* [WORK INSTRUCTIONS] Your answer is to be the exact text of the lines from the one containing "La mesa está" through the final line of the entries, restated in full, with pictures omitted.

Top of DATA FOR REVIEW

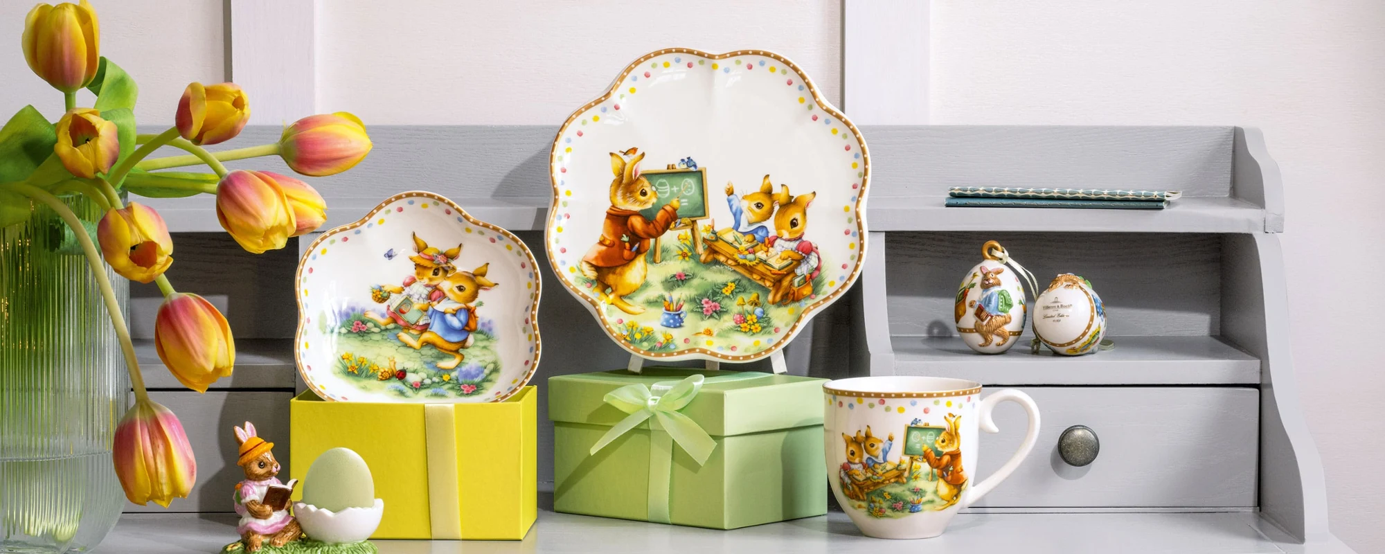 The loving designs and nostalgic charm of the Annual Easter Edition 2025 bring the story of the bunny school to life in your home. Inspired by a classic children’s book, the collection combines colourful spring themes with hand-painted details and gold-coloured accents that create a warm and harmonious atmosphere.
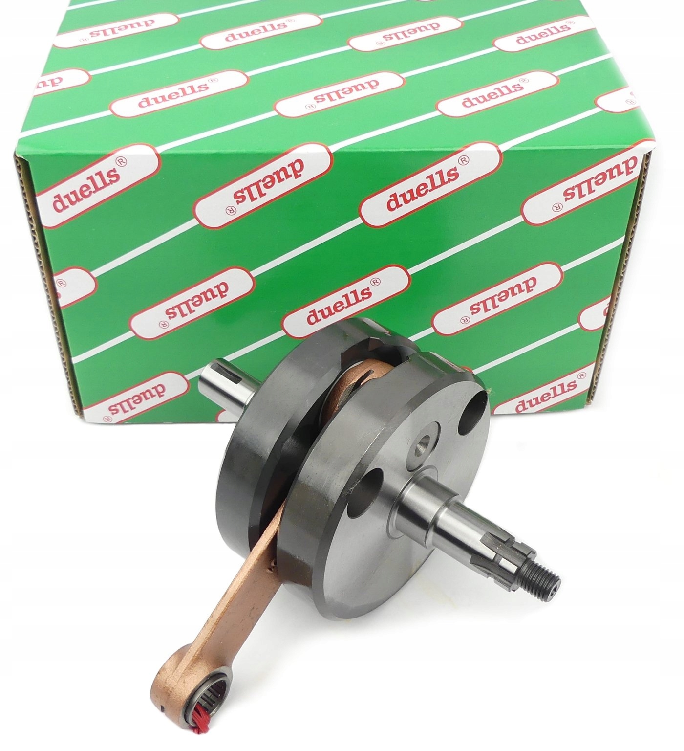 W skład zestawu wchodzi wał korbowy wykonany na wzór oryginału. Jest to obecnie najlepszy wał dostępny na rynku, który jakościowo przewyższa oryginał. W celu lepszego smarowania sworznia tłokowego, tulejkę brązową główki korbowodu zastąpiono łożyskiem igiełkowym. Korbowód, który został zamontowany na wale jest firmy DUELLS - marka rozpoznawana od kilku lat na rynku ze względu na jakość swoich wyrobów. Dzięki zamontowaniu takiego zestawu - będziesz miał pewność, że praca silnika będzie idealna. I tak jest w rzeczywistości a potwierdzają to bezpośrednie informacje od klientów, które do Nas stale napływają.
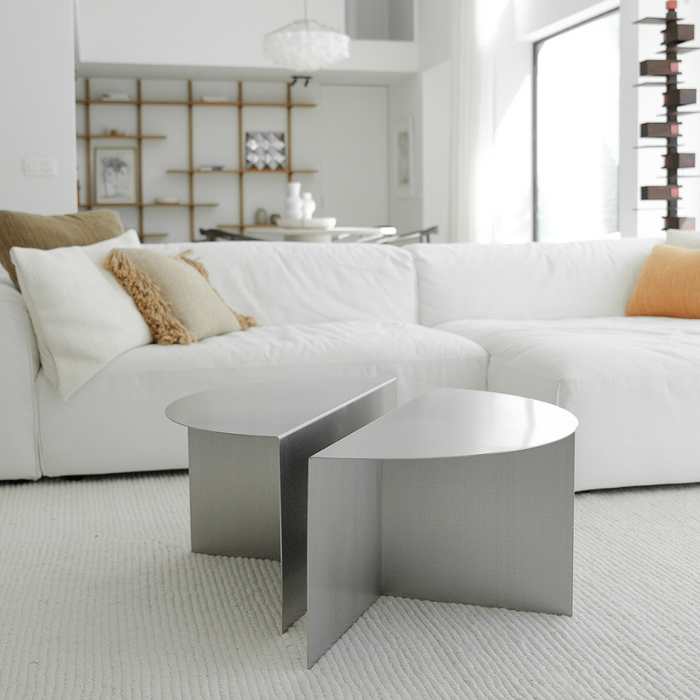 La mesa está fabricada con acero inoxidable cepillado de alta calidad, lo que garantiza un acabado duradero con un brillo mate lujoso. El acero cepillado no solo es elegante, sino también fácil de mantener: basta con un paño suave y un limpiador suave para mantener la superficie limpia. Así conserva su apariencia atemporal sin mucho esfuerzo.
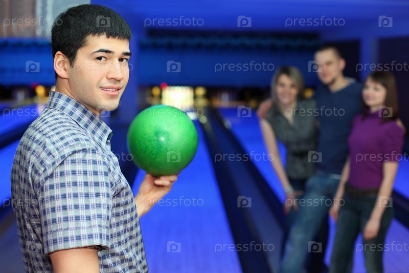 Один парень стоит в сторону и держит мяч, чтобы играть в боулинг и
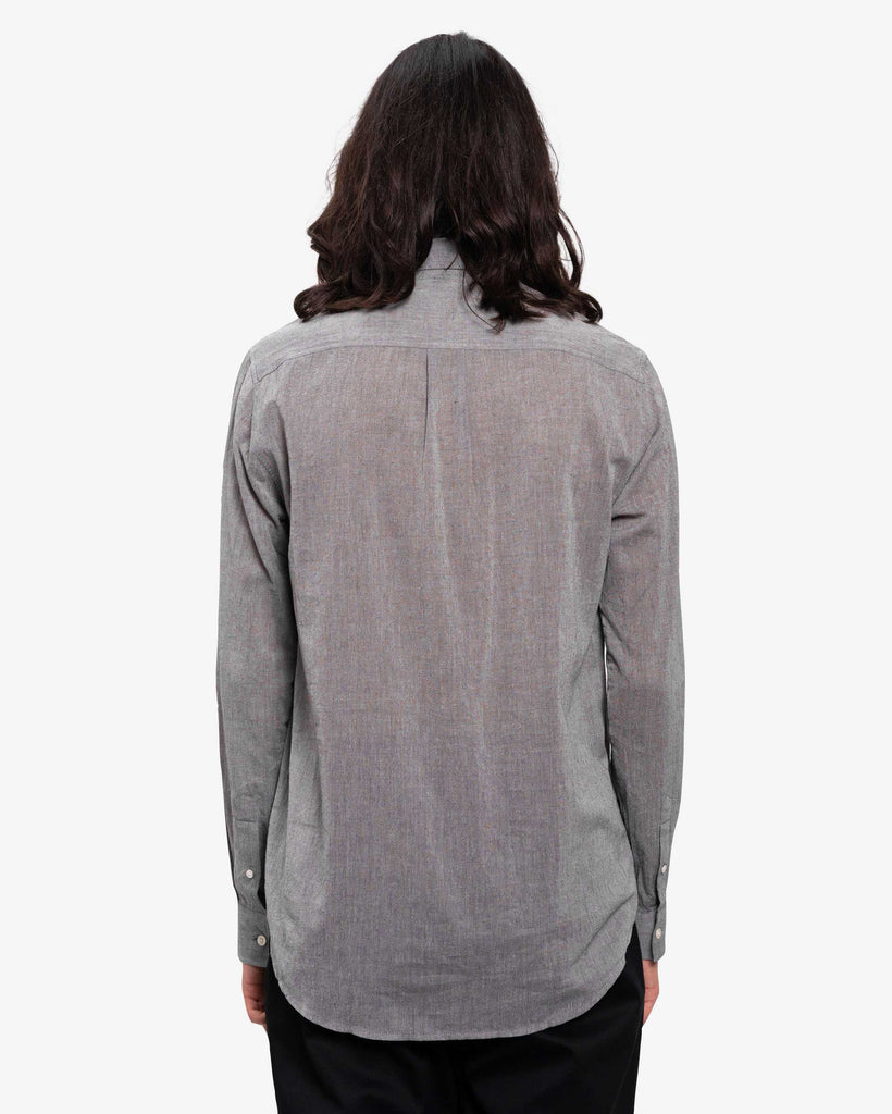 Alpher est une chemise de coupe classique, fabriquée à partir d'un tissu japonais gris texturé et de boutons en nacre.
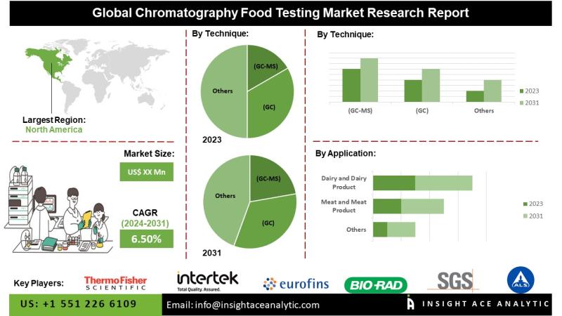 InsightAce Analytic Pvt. Ltd. announces the release of a market assessment report on the "Global Chromatography Food Testing Market Size, Share & Trends Analysis Report By Technique (chromatography-mass spectrometry (GC-MS), gas chromatography (GC), high-performance liquid chromatography (HPLC), liquid chromatography (LC)), Application (meat and meat, dairy and dairy products, cereal, grain, pulse, processed food)- Market Outlook And Industry Analysis 2031"The global Chromatography Food Testing Market is estimated to exhibit a CAGR of 6.27% during the forecast period.
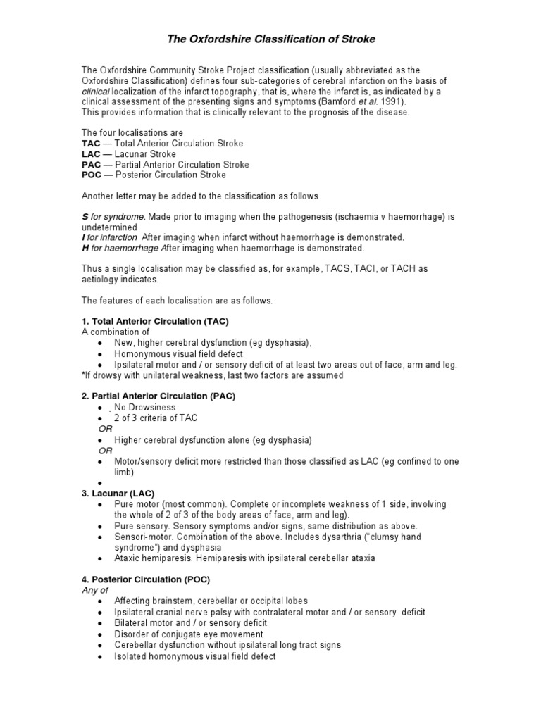Stroke Medicine For Stroke Physicians And Neurologists . The Most Commonly Used Classification System For Ischaemic Stroke Is The Bamford Classification System (Also Known As The Oxford Classification System).

Bottom of DATA FOR REVIEW

* [RESPONSE AREA]
 La mesa está fabricada con acero inoxidable cepillado de alta calidad, lo que garantiza un acabado duradero con un brillo mate lujoso. El acero cepillado no solo es elegante, sino también fácil de mantener: basta con un paño suave y un limpiador suave para mantener la superficie limpia. Así conserva su apariencia atemporal sin mucho esfuerzo.
 Один парень стоит в сторону и держит мяч, чтобы играть в боулинг и
 Alpher est une chemise de coupe classique, fabriquée à partir d'un tissu japonais gris texturé et de boutons en nacre.
 InsightAce Analytic Pvt. Ltd. announces the release of a market assessment report on the "Global Chromatography Food Testing Market Size, Share & Trends Analysis Report By Technique (chromatography-mass spectrometry (GC-MS), gas chromatography (GC), high-performance liquid chromatography (HPLC), liquid chromatography (LC)), Application (meat and meat, dairy and dairy products, cereal, grain, pulse, processed food)- Market Outlook And Industry Analysis 2031"The global Chromatography Food Testing Market is estimated to exhibit a CAGR of 6.27% during the forecast period.
Stroke Medicine For Stroke Physicians And Neurologists . The Most Commonly Used Classification System For Ischaemic Stroke Is The Bamford Classification System (Also Known As The Oxford Classification System).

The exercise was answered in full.